The following description of the embodiments of the present utility model will be made clearly and completely with reference to the accompanying drawings, in which it is apparent that the embodiments described are only some embodiments of the present utility model, but not all embodiments. All other embodiments, which can be made by those skilled in the art based on the embodiments of the utility model without making any inventive effort, are intended to be within the scope of the utility model.

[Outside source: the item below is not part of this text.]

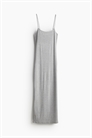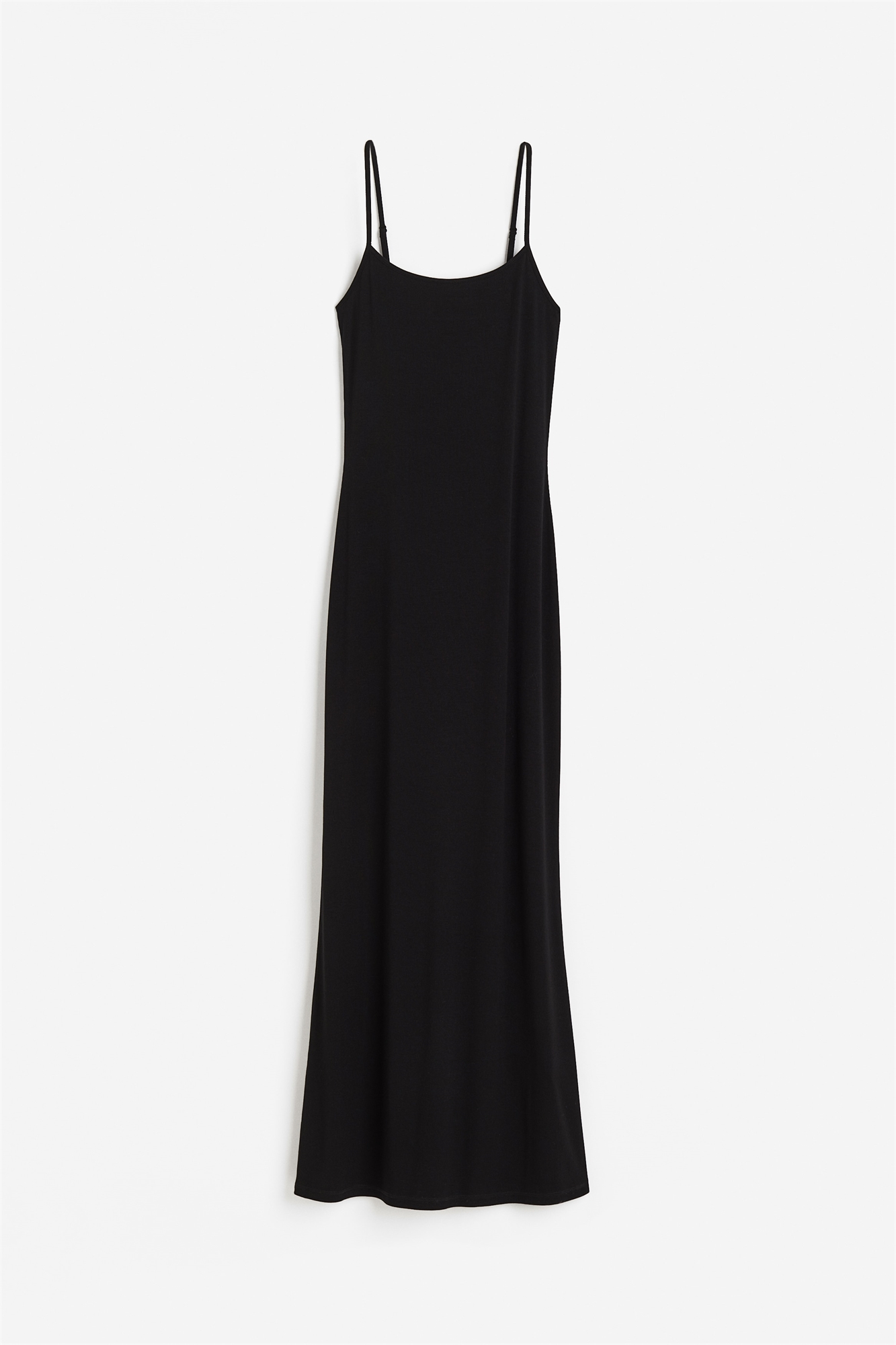 Длинное приталенное платье из ребристого вискозного джерси с глубоким круглым вырезом, узкими регулируемыми бретелями и прямым покроем.
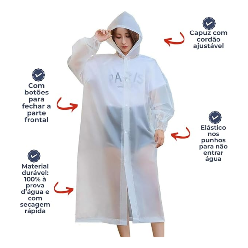 -Com Capuz: Possui um capuz integrado para proteger a cabeça e o pescoço da chuva, um elemento essencial para uma proteção completa.

As shown in fig. 1-2, the present utility model provides a technical solution: a methane tank based on livestock manure fermentation comprises a closed fermentation tank 1, wherein a partition wall 2 is arranged in the fermentation tank 1, the partition wall 2 divides the fermentation tank 1 into an aerobic fermentation tank 3 and an anaerobic fermentation tank 4 from outside to inside, and the aerobic fermentation tank 3 and the anaerobic fermentation tank 4 are communicated at the top position.

As shown in FIG. 1, a feed hopper 5 is arranged at the top of the fermentation tank 1, and the feed hopper 5 is communicated with the aerobic fermentation tank 3.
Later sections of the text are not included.